Pharmacokinetic data
- Elimination half-life: Single: 3 hours Multiple: 10.2–10.6 hours

Identifiers
- IUPAC name 7-(5-methylfuran-2-yl)-3-[[6-[[(3S)-oxolan-3-yl]oxymethyl]-2-pyridinyl]methyl]triazolo[4,5-d]pyrimidin-5-amine;
- CAS Number: 1202402-40-1;
- PubChem CID: 44537963;
- IUPHAR/BPS: 10190;
- DrugBank: DB16125;
- ChemSpider: 67896526;
- UNII: 8KFO2187CP;
- KEGG: D11547;
- ChEMBL: ChEMBL4297184;

Chemical and physical data
- Formula: C_{20}H_{21}N_{7}O_{3}
- Molar mass: 407.434 g·mol^{−1}
- 3D model (JSmol): Interactive image;
- SMILES CC1=CC=C(O1)C2=C3C(=NC(=N2)N)N(N=N3)CC4=NC(=CC=C4)CO[C@H]5CCOC5;
- InChI InChI=1S/C20H21N7O3/c1-12-5-6-16(30-12)17-18-19(24-20(21)23-17)27(26-25-18)9-13-3-2-4-14(22-13)10-29-15-7-8-28-11-15/h2-6,15H,7-11H2,1H3,(H2,21,23,24)/t15-/m0/s1; Key:KURQKNMKCGYWRJ-HNNXBMFYSA-N;

= Ciforadenant =

Ciforadenant (INN, USAN; developmental code names CPI-444 and V-81444) is an adenosine A_{2A} receptor antagonist which is under development for the treatment of renal cell carcinoma and non-small cell lung cancer. It is or was also under development for the treatment of attention-deficit hyperactivity disorder (ADHD), cancer, multiple myeloma, Parkinson's disease, and solid tumors, but no recent development has been reported for these indications. The drug is taken orally.

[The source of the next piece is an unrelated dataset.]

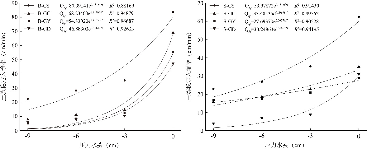该研究采用原位染色示踪技术以及圆盘入渗方法,定量分析白云岩和砂页岩土壤水文过程包括优先流发育和入渗性能,并结合根系分布、土壤性质等因素,阐明了两种典型岩性土壤水文过程及驱动因素的异同点。结果表明:白云岩土壤优先流分化程度高,多呈树枝状和斑块状,以垂向延伸为主;砂页岩土壤优先流因侧渗明显,多呈团状和块状分布,分化程度较低。白云岩土壤不同宽度染色路径均大于砂页岩,两种土壤的壤中流均以大孔隙流为主。土壤稳定入渗率均随着压力水头的增大而增大,且白云岩土壤导水能力强于砂页岩。岩性的变化造成植被根系分布以及土壤性质差异是影响土壤优先流和入渗的重要因子。该研究揭示了喀斯特地区不同岩性发育土壤的水文特征及其驱动因素,为区域石漠化综合治理以及水资源的合理利用提供科学支撑。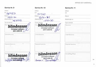 Fordonets historik - 13 händelser finns registrerade

It shows high affinity for the adenosine A_{2A} receptor (K_{i} = 3.54 nM) and high selectivity for this receptor over the other adenosine receptors (54- to 693-fold). The elimination half-life of ciforadenant is 3 hours with a single dose and 10.2 to 10.6 hours with multiple repeated doses in humans.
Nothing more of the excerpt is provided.